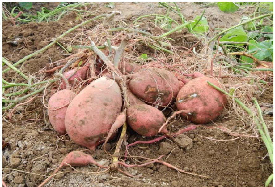
這份量不小呢，獎落誰家呢!
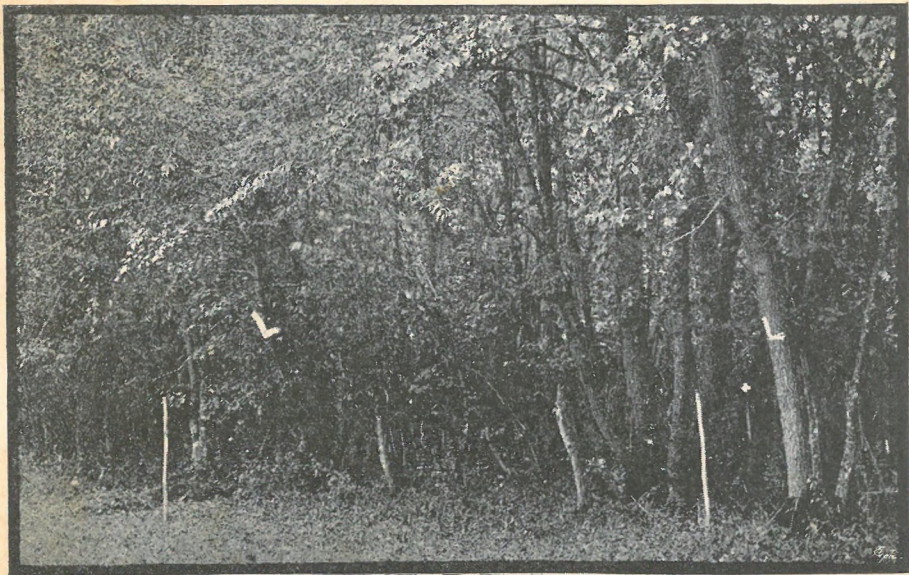
A szerencsétlenség színhelye.
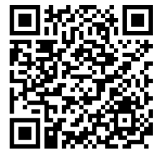
申込フォームQRコード

WEB申込URL： https://c0bb449b.form.kintoneapp.com/public/1214kanminnrenkei
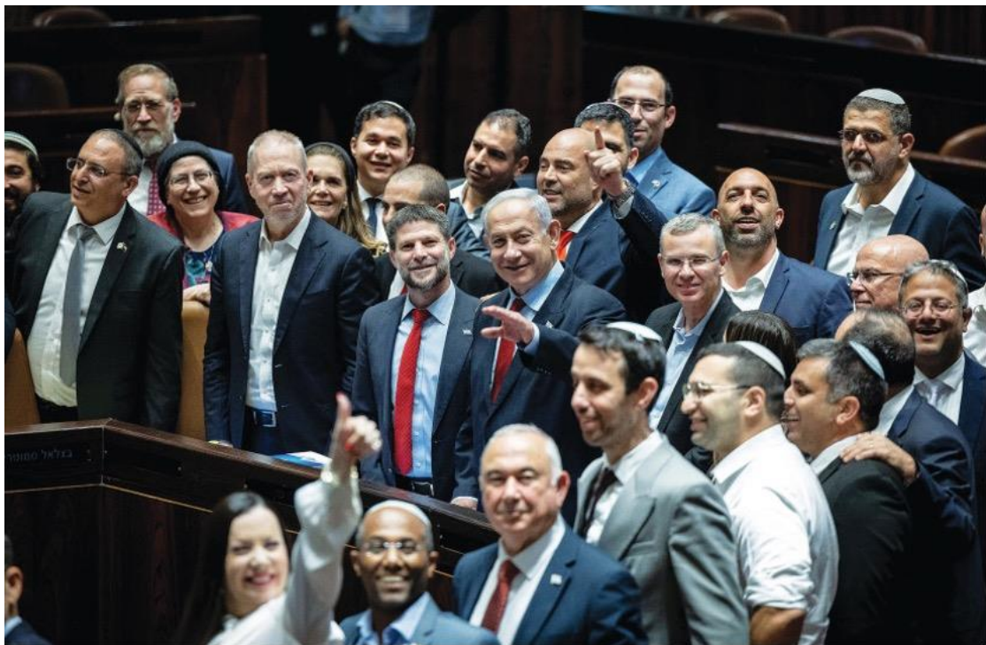
2023 年 8 月 27 日，總理班傑明·納坦雅胡及其聯盟成員慶祝國家預算的通過。

財政部和內政部表示，他們將提供資金和措施來打擊阿拉伯社區的犯罪組織。近期不但有 15-20 位阿拉伯城市的候選人和現任官員受到犯罪組織威脅，自今年年初以來，已有 157 名阿拉伯社區居民死於暴力事件，這一數字是 2022 年同期的兩倍多。這些組織犯罪暴力事件被認為是阿拉伯人謀殺率飆升的原因。斯莫特里赫辦公室表示，財政部將增加以色列警察部門「數千萬謝克爾」的資金，用於優化阿拉伯社區的執法系統和人身安全所需的科技設備和技術，以根除阿拉伯社區的犯罪組織。
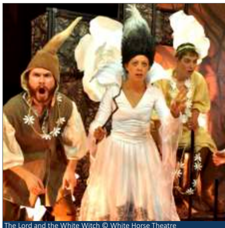
The Lord and the White Witch © White Horse Theatre
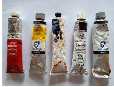
Gambar 5 Cat minyak
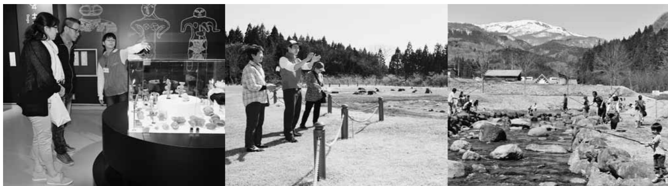
▲来場者に世界遺産を目指す遺跡の魅力を伝えたジュニアボランティアガイド（伊勢堂岱遺跡）
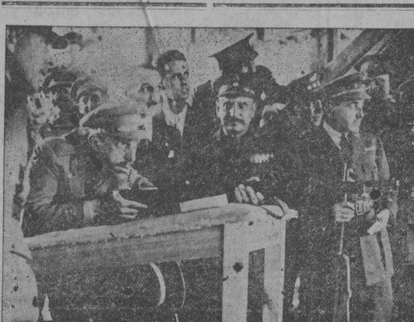
EN EL TIRO NACIONAL... ov tirando en el nuevo campo, con ocasión de la visita que el So... vano hizo ayer al Peñón.

Nada tan trágicamente ameno, como las memorias del médico de cabecera de la infortunada princesa de Lamballe. La íntima amiga de María Antonieta, arrastrada por las calles de París, cuando la fiebre revolucionaria, era muy digna de haber merecido el indulto de Friné, por la belleza y finura de su entis y por sus magníficos cabellos ondulados, como solo los riza y ondulaba hoy la sorprendente loción «Ondulax». Un cuarto de litro, 3,30. Fabricado por Floralia, creadora del supermo Jabón «Flores del Campo».
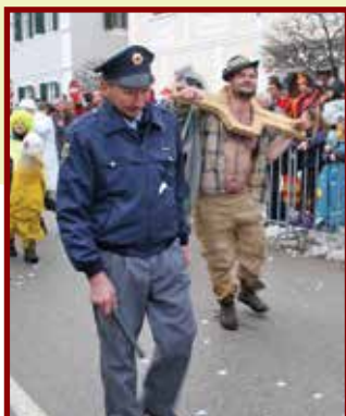
V Šoštanju so se reševanja kriminala lotili zelo resno.

◇ ◇ ◇ ◇ ◇ ◇ ◇

§ **Work instruction**: Only the text of the material belongs in your copy, which must match the original exactly.

§ **Answer area**:
這份量不小呢，獎落誰家呢!
A szerencsétlenség színhelye.
申込フォームQRコード

WEB申込URL： https://c0bb449b.form.kintoneapp.com/public/1214kanminnrenkei
2023 年 8 月 27 日，總理班傑明·納坦雅胡及其聯盟成員慶祝國家預算的通過。

財政部和內政部表示，他們將提供資金和措施來打擊阿拉伯社區的犯罪組織。近期不但有 15-20 位阿拉伯城市的候選人和現任官員受到犯罪組織威脅，自今年年初以來，已有 157 名阿拉伯社區居民死於暴力事件，這一數字是 2022 年同期的兩倍多。這些組織犯罪暴力事件被認為是阿拉伯人謀殺率飆升的原因。斯莫特里赫辦公室表示，財政部將增加以色列警察部門「數千萬謝克爾」的資金，用於優化阿拉伯社區的執法系統和人身安全所需的科技設備和技術，以根除阿拉伯社區的犯罪組織。
The Lord and the White Witch © White Horse Theatre
Gambar 5 Cat minyak
▲来場者に世界遺産を目指す遺跡の魅力を伝えたジュニアボランティアガイド（伊勢堂岱遺跡）
EN EL TIRO NACIONAL... ov tirando en el nuevo campo, con ocasión de la visita que el So... vano hizo ayer al Peñón.

Nada tan trágicamente ameno, como las memorias del médico de cabecera de la infortunada princesa de Lamballe. La íntima amiga de María Antonieta, arrastrada por las calles de París, cuando la fiebre revolucionaria, era muy digna de haber merecido el indulto de Friné, por la belleza y finura de su entis y por sus magníficos cabellos ondulados, como solo los riza y ondulaba hoy la sorprendente loción «Ondulax». Un cuarto de litro, 3,30. Fabricado por Floralia, creadora del supermo Jabón «Flores del Campo».
V Šoštanju so se reševanja kriminala lotili zelo resno.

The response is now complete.